I don't know why I just thought of this--but this may be a large part of why the game has so many glitches--it was originally designed for an entirely different system; not a computer.
If it was rushed over, that's definitely logical.
You probably already read but on lemmings encyclopedia there's a bunch of info, I don't remember why the guy got, about the creation of this game. Wait, actually if memory serves he somehow managed to interview one of the creators! I emailed him a long time ago with no response.
The story went something like; what Guy says; then when they finally got the OK to release it for PC they were forced to rush to convert it and get it done.
I didn't read that yet! I'll go and take a look, now. Thanks for the heads-up!
EDIT: Huh, I couldn't find it... D'you have a link, by any chance, please?
I'm not aware that an actual Playstation playable version exists, but if it did--it may be more rare than the Cheetahmen2!
Someone with the time, knowledge and inclination might be able to make it from the data that Guy got, but yeah, doubt anyone will want to do that.
I'm unsure if that's possible, myself, but my thinking is that (again, taking Guy's surmising of the events that transpired as the starting point) if the game was complete or near-complete prior to being ported over to Microsoft Windows, then at some point a prototype must have existed. Testing would've been done on real hardware (if you've ever seen those navy blue-cased PlayStation units, that was their purpose - they could run burned discs much as mod-chipped consoles could, and were part of the dev-kit for the system), so at some point, one or more builds had to have existed on CD-Rs. Whether they, or the code they were burned from, still exist, is what I'm wondering about...
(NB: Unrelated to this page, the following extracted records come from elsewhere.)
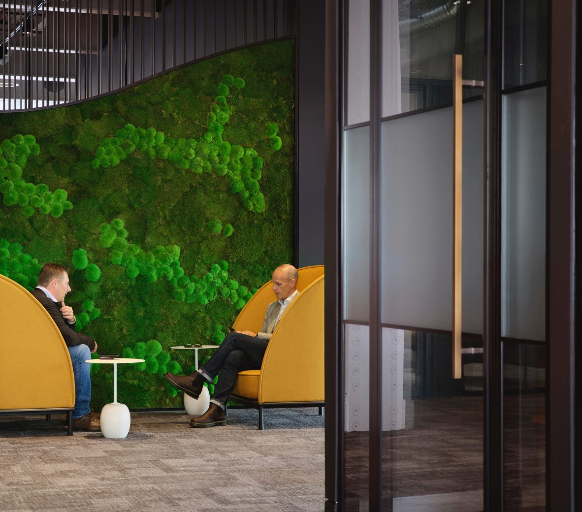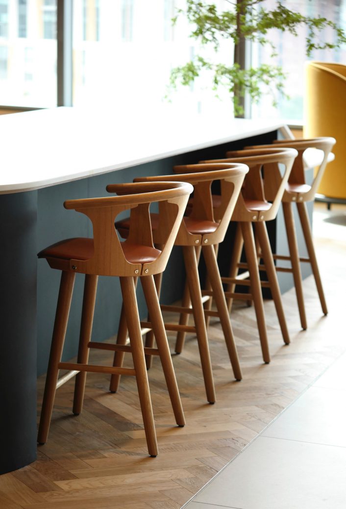 “We worked with the building – the internal architecture and the built elements are very masculine and angular,” says Chris Gibbs, Associate Interior Designer at BDP. “Manchester is surrounded by some of the most beautiful landscapes in the UK, and we’ve brought that into the space – very literally through the biophilia, but also in the FF&E, which has a soft, curved feel to it and creates a juxtaposition of the industrial and natural. There’s also a contrast between light and dark – a theme of black stained timber and very light oak running throughout the scheme.”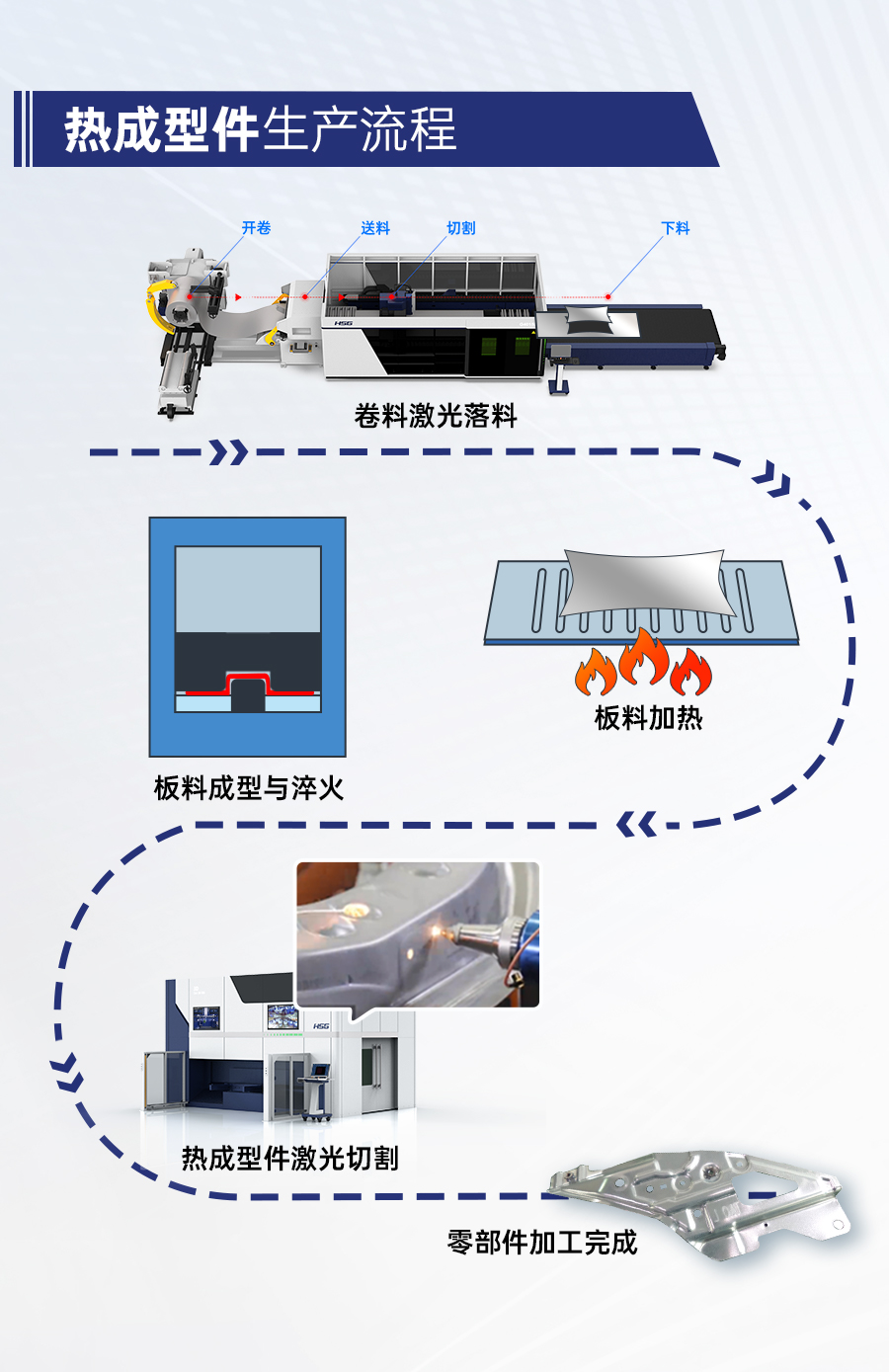 宏山激光GL系列卷料激光切割機搭配Cell系列三維五軸激光切割機,可實現高強鋼料卷的自動化落料、以及熱成型三維工件的高精度切割,從生產工序上助力實現輕量化目標。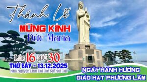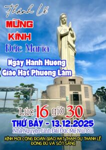 Kính mời quý cha, quý tu sĩ nam nữ, quý cộng đoàn dân Chúa tham dự Thánh Lễ hành hương của giáo hạt về Trung Tâm Hành Hương Đức Mẹ Núi Cúi thay cho giáo phận. Lúc 16 giờ 30, Thứ Bảy ngày 13/12/20254. Thánh lễ tại nhà nguyện dưới linh đài Đức Mẹ Núi Cúi.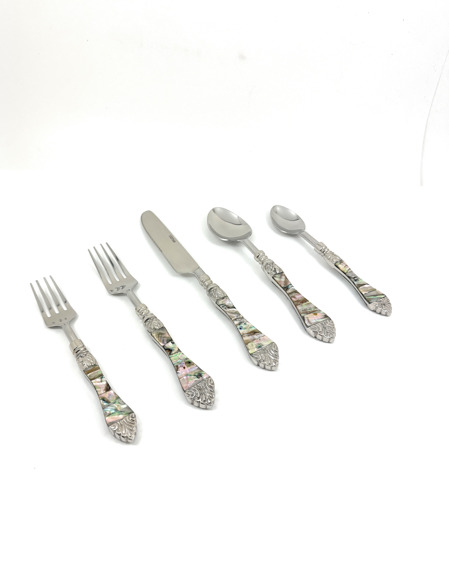 Introducing our Stainless Steel Flatware set of 20 with Seawork Handle, a stunning fusion of functionality and coastal-inspired design. Each piece in this set features handles adorned with intricate seashell and wave patterns, bringing the beauty of the sea to your dining table. Crafted from high-quality stainless steel, this flatware set offers exceptional durability, corrosion resistance, and lasting shine. The weight and balance of each utensil are carefully calibrated to provide a comfortable grip and effortless control. The 20-piece set includes all the essential utensils needed for a complete dining setting, including dinner forks, salad forks, dinner knives, dinner spoons, and teaspoons. Whether you're hosting a beachside gathering or simply want to infuse a touch of coastal charm into your dining experience, this collection is the perfect

Incidentally, I was going through the old news entries at
The Lemnet Chronicles, which charted the events surrounding Lemmings Revolution's release as they were going on, and spotted a really, really old screenshot
that looks significantly different from all of the others;
This is the only one that doesn't look like it's from the Windows version - it's got a real PlayStation-esque look to the cylinder and the textures. The HUD is different (and also seems to be trapped on the cylinder itself), and it seems to pre-date the inclusion of the water and acid lemmings, as it features the traditional brown wooden trapdoor-box, instead of one colour-coded to the lemming types in play. Also, I'm not sure if that level style even exists in the final game. I've watched a lot of videos of Revolution on YouTube before now, and I've not yet seen anything like it there.